Above we’ve defined some example values for the Tag class constructor. With a total of 30 lines added we achieved good support for one of the libraries we were actively developing at the time.
Results from fuzzing the code revealed all kinds of bugs: out-of-bounds access, AttributeErrors related to attribute access on None objects, using max on empty lists, bad error handling leading to weird crashes, and bad refactoring causing the use of functions that no longer existed. And the most surprising finding? This code had already passed code review.
What we discovered
Above is a made-up, simplified example showing the kinds of bugs we encountered. There are two bugs here:
- First, function_with_problem() may throw an exception. In case there’s no match, it will raise an AttributeError complaining about how a NoneType object does not have an attribute called groups.
- Second, the start_function() assumes that the function_with_problem() will always succeed. The try, catch block is there only to catch if one of the group matches is not in the pre-allowed list, so exceptions from function_with_problem() isn’t really dealt with. This misunderstanding allows the start_function() to try to return match_groups before it’s declared.
One common bug we encountered is where an object can be None and the developer assumes it’s not. This is often caused by a lack of understanding of what certain APIs may return, sometimes due to bad documentation and sometimes due to not even reading documentation. This also manifests itself in code where a lot of exceptions are caught and thrown. This allows for situations where variables are either not declared or declared but in a different state than what the developer expected.
When developing the fuzzer and going through bugs, we also performed a review of the code. One of the bugs we found that had previously gone through code review and was not caught by unit tests or our fuzzer was this:
If you look at the not-equal implementation, you’ll notice a logic bug. You should not return false every time other is an instance of Tag. Rather, you should return True if the other object is not a Tag.
These can be hard to spot. As a result they may occur in codebases even with a mature review process. Fuzzing won’t detect it either.
In this case one should flag the use of a __ne__() function as extra interesting due to it no longer being required in Python 3. Look for a future blog post in which we’ll cover some other tips and techniques for when you’re auditing Python code.

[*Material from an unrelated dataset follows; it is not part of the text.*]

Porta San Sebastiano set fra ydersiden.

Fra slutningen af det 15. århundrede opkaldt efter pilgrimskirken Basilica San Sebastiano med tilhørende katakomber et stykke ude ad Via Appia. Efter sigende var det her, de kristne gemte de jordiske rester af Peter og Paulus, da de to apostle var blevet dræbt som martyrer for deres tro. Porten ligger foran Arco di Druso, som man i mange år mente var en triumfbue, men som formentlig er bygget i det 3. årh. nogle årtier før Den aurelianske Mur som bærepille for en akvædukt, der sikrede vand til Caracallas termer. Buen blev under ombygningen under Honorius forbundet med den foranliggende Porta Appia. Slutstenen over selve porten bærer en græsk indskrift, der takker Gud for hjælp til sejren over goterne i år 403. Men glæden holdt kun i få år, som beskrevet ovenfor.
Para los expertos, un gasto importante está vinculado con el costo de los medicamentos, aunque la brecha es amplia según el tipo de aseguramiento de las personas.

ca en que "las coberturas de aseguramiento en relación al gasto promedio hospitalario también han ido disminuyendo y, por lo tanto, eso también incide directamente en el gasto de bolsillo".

Final thoughts: Fuzzing is not a silver bullet
One problem we noticed when we deployed this fuzzer was that some of our code was not optimized for fuzzing. A big portion of our codebases relies on communicating with internal and external APIs. Fuzzing it directly without mocking will cause a big overhead, and in many cases it would be impractical to mock such interfaces. One could decide to fuzz only the parts of the codebase without API dependencies, but that still leaves a lot of complicated behavior that we won’t be able to test. It’s therefore important that all developers agree on a path to attempt to separate logic and networking to ensure that most logic can be fuzzed. (In a follow-up blog post we’ll explore how we’re automatically testing our API endpoints both for differences between our API specification and the implementation, and for ways to trigger server errors.)

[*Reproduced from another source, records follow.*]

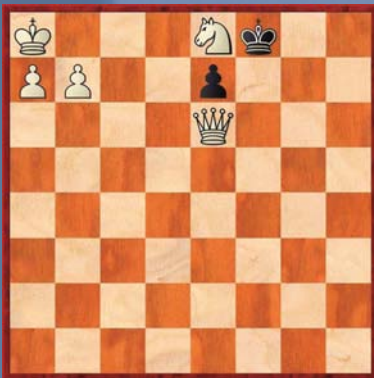
① Wit geeft mat in 2

De oplossingen van deze schaakproblemen staan op pagina 44.
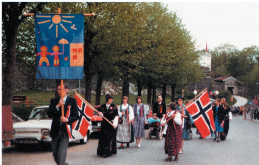
Barn og foreldre fra Undervisningscenteret Nordnes på vei til 17. mai toget

I løpet av 1970-årene kom det ny lov om integrering av funksjonshemmede i det lokale skolemiljøet, og skolene generelt fikk resurser til å gi mer spesialundervisning. Men Undervisningscenteret på Nordnes ble ikke overflødig, og gir i dag skoletilbud til de funksjonshemmede som fungerer svakest og ikke kan nytte seg av lokalskolen..
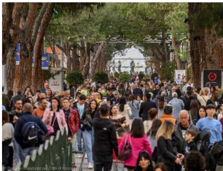
In alto turisti a pranzo in spiaggia a Rimini; sotto la folla in viale Ceccarini a Riccione

nuova collezione di Dsquared2, con i due stilisti accolti come vere star dalla folla che ha cinto d'assedio per ore la boutique Gaudenzi in viale Ceccarini. Vip, modelli, una fauna eclettica di personaggi che all'ora dell'aperitivo si è accalata davanti ai cordoni sorvegliati dai buttafuori. Dan e Dean Caten hanno attirato sguardi dei curiosi e fotografi, passando dal Weme hotel alla boutique Gaudenzi, poi la cena all'Autentico e serata al Peter Pan, scortati da una corte di modelli e influencer. Altro party in viale Gramsci per l'apertura della nuova profumeria Paltriscent, con deejayset
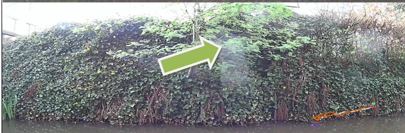
Foto behorende bij de vergunning voor het hebben en onderhouden van:
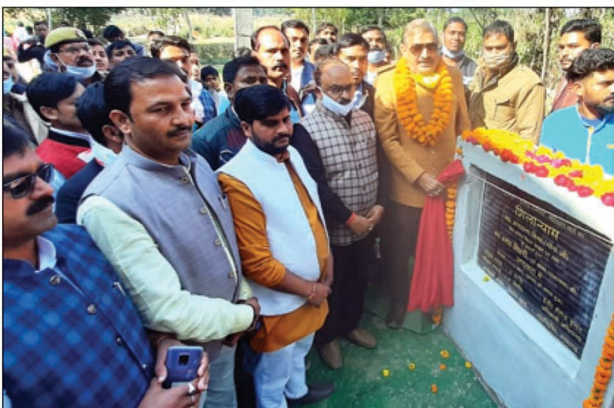
पिच मार्ग का भूमिपूजन करते सीडब्ल्यूसी मेंबर प्रमोद तिवारी

लालगंज, प्रतापगढ़। स्थानीय विकासखण्ड के मधुकरपुर मे गुरुवार को पूर्व राज्यसभा सदस्य व कांग्रेस वर्किंग कमेटी के सदस्य प्रमोद तिवारी ने सवा करोड़ की लागत से बनने वाली पिच रोड का भूमिपूजन किया। मधुकरपुर गांव मे भूमिपूजन के बाद जनसभा मे श्री तिवारी ने भारी भीड़ को संबोधित किया। लाव लश्कर के साथ यहां पहुंचे सीडब्ल्यूसी मेंबर व आउटरीच कमेटी के प्रदेश प्रभारी प्रमोद तिवारी ने मधुकरपुर-मटियारा वाया डुहिया पिच मार्ग का भूमिपूजन करने के बाद जनसभा में लोगों को संबोधित करते हुए कहा कि क्षेत्रीय विधायक आराधना मिश्रा मोना के प्रयास से एक करोड़ तैतीस लाख रुपए की लागत से बनने वाली दो किलोमीटर लंबे मार्ग से जनता के लिए फायदा होगा। इसके बन जाने से क्षेत्र के रामघाट, कौशिल्यपुर, पंचारा, पूरे नीमी, गड़हा, अगई, तेलियार का पुरवा

The bugs described above often arise during large rewrites when test coverage may be reduced. Due to the sheer amount of changes it may become unmanageable for a reviewer to understand everything going on.

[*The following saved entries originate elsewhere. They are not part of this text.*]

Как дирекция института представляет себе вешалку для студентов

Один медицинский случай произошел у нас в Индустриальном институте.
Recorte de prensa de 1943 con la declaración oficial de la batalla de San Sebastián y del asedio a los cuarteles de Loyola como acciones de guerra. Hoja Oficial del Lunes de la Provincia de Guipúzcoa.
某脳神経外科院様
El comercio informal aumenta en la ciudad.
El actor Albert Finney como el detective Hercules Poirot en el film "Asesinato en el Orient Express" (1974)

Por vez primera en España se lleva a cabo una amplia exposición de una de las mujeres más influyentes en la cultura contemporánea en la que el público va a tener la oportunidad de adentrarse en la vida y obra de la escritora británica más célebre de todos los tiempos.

Fuzzing can help — as an addition to code review and unit tests. It allows us to move faster, because we’re able to trust our code more. Fuzzing does have its limitations in terms of what bugs it can find and where it can be used effectively, and it should never be used as a replacement for code review and unit tests. As a safety net, however, fuzzing is proving to be helpful, and internally we’ve found that fuzzing improves our overall confidence in our product. It’s something we want to continue exploring.